BRASÍLIA, DF (FOLHAPRESS) - Chefe da embaixada da Ucrânia no Brasil, o diplomata Anatoliy Tkach afirmou nesta terça-feira (22) que toda a comunidade internacional é responsável pela prevenção do conflito no leste do país europeu e que uma postura neutra serve apenas para a escalada das tensões. Ele fez ainda um apelo para que o governo Jair Bolsonaro (PL) condene a decisão do presidente russo, Vladimir Putin, de reconhecer os territórios rebeldes de Donetsk e Lugansk e mandar tropas para essas localidades.

"Toda a comunidade internacional é responsável pela prevenção do novo conflito. A ausência de uma postura ou uma postura neutra servirá apenas para uma maior escalada [das tensões]", declarou Tkach, durante uma entrevista online.

Após meses em que Estados Unidos e aliados denunciaram a concentração de tropas russas na fronteira com a Ucrânia, Putin reconheceu, na segunda (21), as áreas autônomas resultantes da guerra civil no leste ucraniano. Depois de assinar o ato, determinou o envio de tropas do Kremlin para apoiar os separatistas étnicos russos.

Na entrevista, Tkach também defendeu que o Brasil condene a ação russa --o que o governo Bolsonaro não fez até o momento.

"Gostaríamos de contar com um apoio do Brasil na questão relacionada à decisão de ontem [tomada por Putin]. O Brasil sempre se pronunciou a favor da retomada das negociações diplomáticas e também gostaríamos que o Brasil condenasse a decisão da federação da Rússia", afirmou.

A posição brasileira sobre o tema foi manifestada na segunda-feira pelo embaixador do país na ONU, Ronaldo Costa Filho, durante sessão do Conselho de Segurança.

Na ocasião, o diplomata brasileiro defendeu um cessar-fogo imediato, bem como a "retirada abrangente de tropas e equipamentos militares no terreno". No entanto, Costa Filho não mencionou Putin em seu discurso e evitou qualquer condenação à decisão russa de reconhecer os territórios e ocupá-los militarmente.

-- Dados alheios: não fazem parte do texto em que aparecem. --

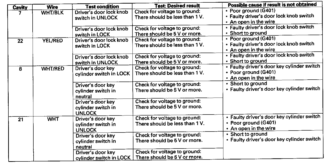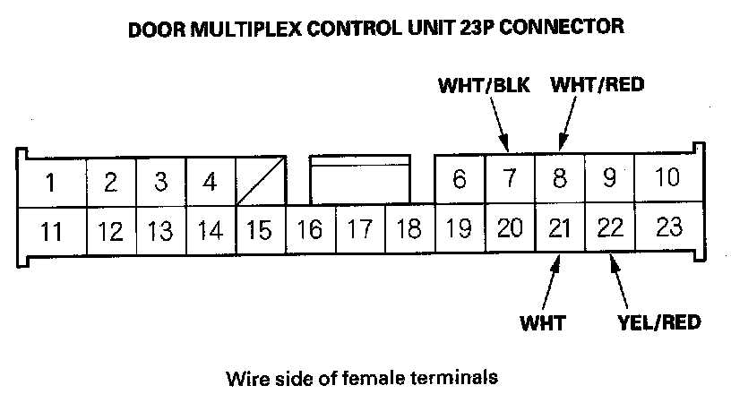 11. Reconnect the connector to the door multiplex control unit. Turn the ignition switch ON (II), and make these input tests at the appropriate connector.

Com isso, o Brasil tenta se equilibrar no delicado tabuleiro internacional e não se indispor com o governo Putin. A Rússia é parceira do Brasil nos Brics (bloco também formada por Índia, China e África do Sul) e foi destino, na semana passada, de uma visita do presidente Bolsonaro.

O chefe da embaixada ucraniana em Brasília argumentou que a manifestação do Brasil na ONU "foi um sinal claro que o discurso da Rússia não está influenciando todos os membros da comunidade internacional".

A passagem de Bolsonaro por Moscou em meio à escalada das tensões na fronteira ucraniana foi controversa. A agenda foi mantida mesmo depois de pressões dos EUA para que Bolsonaro cancelasse a viagem.

Em declarações, Bolsonaro expressou "solidariedade" à Rússia e se referiu a Putin como alguém que busca a paz, o que provocou críticas do governo americano.

Nesta terça, Anatoliy Tkach afirmou que a Ucrânia vive a "ameaça real de uma invasão russa" que visa ocupar parte ou a totalidade de seu território.

"Essa invasão seria uma violação grave dos princípios fundamentais do direito internacional e a Ucrânia, junto com os seus parceiros, está aplicando os esforços diplomáticos para impedir [que ela ocorra]".

Ele afirmou também que a determinação de Putin de reconhecer os territórios de Donetsk e Lugansk "viola os princípios fundamentais do direito internacional" e significa a retirada unilateral russa dos acordos de Minsk --mecanismo de diálogo criado para tentar solucionar o conflito no leste ucraniano.

"Entendemos os propósitos das ações da Rússia, de provocar a Ucrânia, mas estamos comprometidos com a solução político-diplomática do conflito armado", declarou.